Exercise instructions: Return all of the entries exactly, but do not include the pictures.

Supplied records:
******

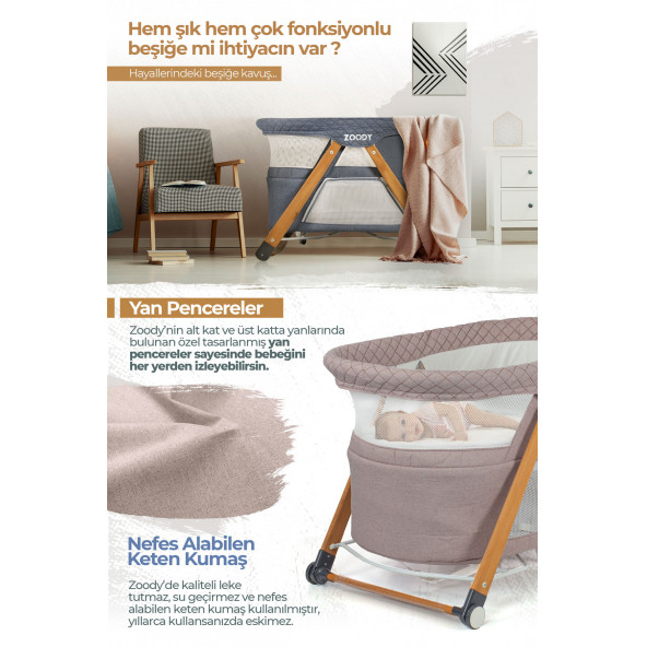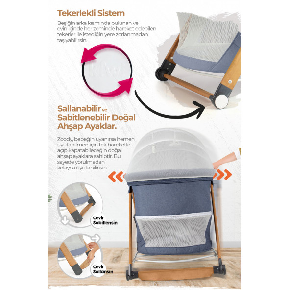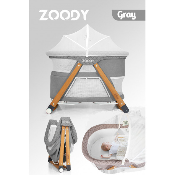 Kiwi Zoody 3 İn 1 Bebek Beşiği, Oyun Parkı Ve Park Yatak Gri
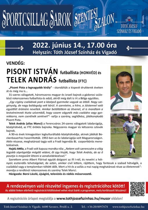 🎭Szentesi Szalon programsorozatunk zárásaként két vendéget is köszönthetünk a Sportcsillag sarok keretein belül. Pisont István és Telek András szeretettel várják a beszélgetni vágyó érdeklődőket 2022. június 14-én 17.00-kor a Tóth József Színház és Vigadóban.
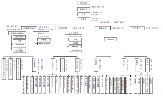 生鮮食品の導入を加速しながら、店舗フォーマットの分析及びMDの再構築を行うため、「商品本部内」にある「レイアウト課」を「MD課」に、「業務改革推進室」内にある「新店準備課」を「レイアウト・新店準備課」に再編・改称する。
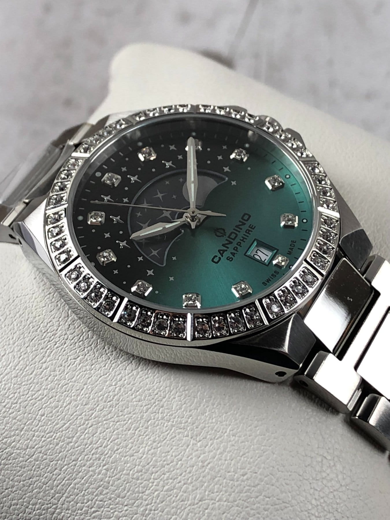 Женские наручные часы Candino Lady Elegance Moonphase C4760/2 с надёжным кварцевым механизмом. Корпус и браслет часов изготовлены из нержавеющей стали. Сапфировое стеклоСапфировое стеклоПрочный и надёжный материал из кристалла сапфира синтетического происхождения, характеризующийся особой твёрдостью и устойчивостью к царапинам и повреждениям. повышенной прозрачности, устойчивое к мелким механическим повреждениям. Стальной браслет на раскладной застёжкеРаскладная застёжкаТакой тип застёжки используется только на браслетах из металла. Она никогда не раскрывается полностью, происходит разделение на 2 и более частей. Раскладывающая застёжка снизит вероятность потери часов к минимуму.. Стрелки и метки с люминесцентным покрытиемЛюминесцентное покрытиеПозволяет считывать показания времени в темноте. Производители наносят на стрелки, часовые индексы, безель или поверхность циферблата светонакопительный состав, дающий холодное свечение.. Двухцветный циферблат с индикатором фазы луны и безельБезельВнешний ободок, закрепляющий стекло. В спортивных часах так называется поворотное кольцо с делениями на циферблате, выполняет роль таймера – замеряет отрезки времени на шкале. Неподвижный безель – элемент декора. Однонаправленно вращающийся безель на дайверских часах позволяет фиксировать моменты погружения и выныривания на поверхность. инкрустированы цирконами. Класс водозащиты: 50 метров, позволит защитить корпус от случайных брызг или капель дождя. Окошко даты находится в положении 6 часов.
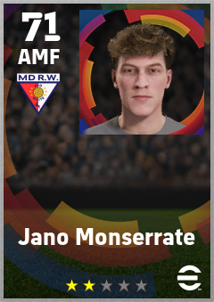 . Jano Monserrate is a Attacking Midfielder footballer from Spain who plays for Madrid Rosas Rb in eFootball 2026.
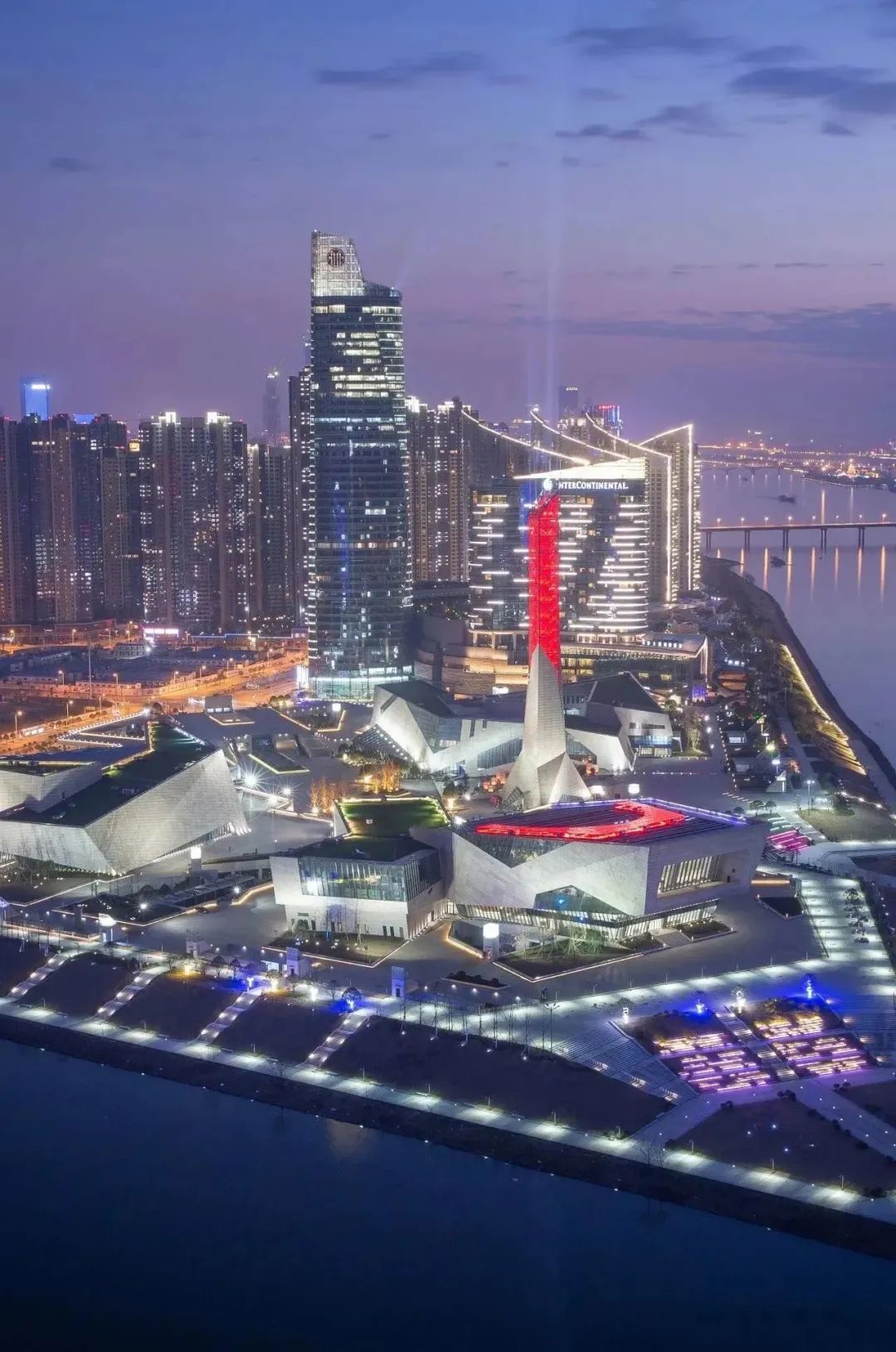 一朵巨大的“芙蓉花”,伸展在梅溪湖的北岸,几何与曲线碰撞出优美,从建筑中脱颖而出。几年来数十万张梅溪湖的影像每个角度都是大片。

******

Result of the exercise:
 Kiwi Zoody 3 İn 1 Bebek Beşiği, Oyun Parkı Ve Park Yatak Gri
 🎭Szentesi Szalon programsorozatunk zárásaként két vendéget is köszönthetünk a Sportcsillag sarok keretein belül. Pisont István és Telek András szeretettel várják a beszélgetni vágyó érdeklődőket 2022. június 14-én 17.00-kor a Tóth József Színház és Vigadóban.
 生鮮食品の導入を加速しながら、店舗フォーマットの分析及びMDの再構築を行うため、「商品本部内」にある「レイアウト課」を「MD課」に、「業務改革推進室」内にある「新店準備課」を「レイアウト・新店準備課」に再編・改称する。
 Женские наручные часы Candino Lady Elegance Moonphase C4760/2 с надёжным кварцевым механизмом. Корпус и браслет часов изготовлены из нержавеющей стали. Сапфировое стеклоСапфировое стеклоПрочный и надёжный материал из кристалла сапфира синтетического происхождения, характеризующийся особой твёрдостью и устойчивостью к царапинам и повреждениям. повышенной прозрачности, устойчивое к мелким механическим повреждениям. Стальной браслет на раскладной застёжкеРаскладная застёжкаТакой тип застёжки используется только на браслетах из металла. Она никогда не раскрывается полностью, происходит разделение на 2 и более частей. Раскладывающая застёжка снизит вероятность потери часов к минимуму.. Стрелки и метки с люминесцентным покрытиемЛюминесцентное покрытиеПозволяет считывать показания времени в темноте. Производители наносят на стрелки, часовые индексы, безель или поверхность циферблата светонакопительный состав, дающий холодное свечение.. Двухцветный циферблат с индикатором фазы луны и безельБезельВнешний ободок, закрепляющий стекло. В спортивных часах так называется поворотное кольцо с делениями на циферблате, выполняет роль таймера – замеряет отрезки времени на шкале. Неподвижный безель – элемент декора. Однонаправленно вращающийся безель на дайверских часах позволяет фиксировать моменты погружения и выныривания на поверхность. инкрустированы цирконами. Класс водозащиты: 50 метров, позволит защитить корпус от случайных брызг или капель дождя. Окошко даты находится в положении 6 часов.
 . Jano Monserrate is a Attacking Midfielder footballer from Spain who plays for Madrid Rosas Rb in eFootball 2026.
 一朵巨大的“芙蓉花”,伸展在梅溪湖的北岸,几何与曲线碰撞出优美,从建筑中脱颖而出。几年来数十万张梅溪湖的影像每个角度都是大片。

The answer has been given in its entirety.